HAYWARD, Calif. (AP) — Michaela Joy Garecht was last seen on Nov. 19, 1988, wearing jeans rolled over her knees and feather-shaped earrings.
More than 32 years later, the 9-year-old girl with blond hair and blue eyes is still missing.
California authorities announced Monday that they have charged convicted killer David Misch with Michaela’s kidnapping and slaying, a cold case that stunned the San Francisco Bay Area. Police said they only recently were able to match a partial palm print at the scene to Misch.
But Michaela’s body has never been found. She would have been 42 next month.
“In the last year, I had to come to a place accepting that Michaela was probably no longer alive,” her mother, Sharon Murch, wrote in a statement. “But somehow, that acceptance was far more wrapped up in the idea of Michaela sitting on a fluffy pink cloud walking streets of gold, dancing on grassy hills, soaring among the stars.

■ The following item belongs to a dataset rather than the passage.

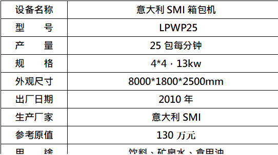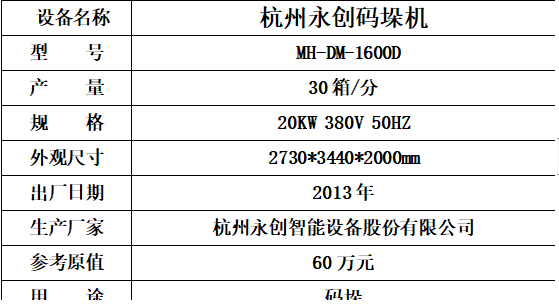 標(biāo)的六:永創(chuàng)碼垛機,起拍價:135000元(不含稅),標(biāo)的設(shè)有保留價,競買保證金3萬元。已拆機,設(shè)備完好。

What I did not envision was my daughter as a dead child.
“It was only when I heard this news that this vision of reality appeared, and I honestly have not figured out what to do with it,” Murch said.
On Nov. 19, 1988, Michaela and her best friend rode their scooters to a market in Hayward to buy a snack days before Thanksgiving. It was their first trip there without teenage neighbors.
They left their scooters outside, and officials allege that Misch moved a scooter to isolate one of the girls. When Michaela went to retrieve it, he forced her into his car and drove away. The palm print that led to Misch’s charges was found on the scooter. It was too small to be scanned through a computer database and had to be analyzed manually.
Misch, now 59, has been charged with murder and kidnapping and is scheduled to be arraigned Tuesday. It was not immediately clear if he had an attorney who could speak on his behalf.
Misch was already in a prison for the 1989 murder of a woman in the Hayward area. He is also a suspect in a 1986 case where two women were killed in Fremont, another city in the Bay Area.
Fremont police reached out to Hayward detectives about Misch, thinking there might be a link between their cases even though some of the circumstances were different. Authorities would not say what led police to believe the cases were connected.
Hayward detectives are treating Michaela’s disappearance as a murder even though her body was never found.
Rows of filing cabinets, each drawer marked with a photograph of the young girl, have filled the police station for more than 32 years.
The charges have brought little solace to Michaela’s mother.
“I feel as though I am still looking for Michaela, but now I don’t know where,” she wrote. “I honestly feel lost in the dark.”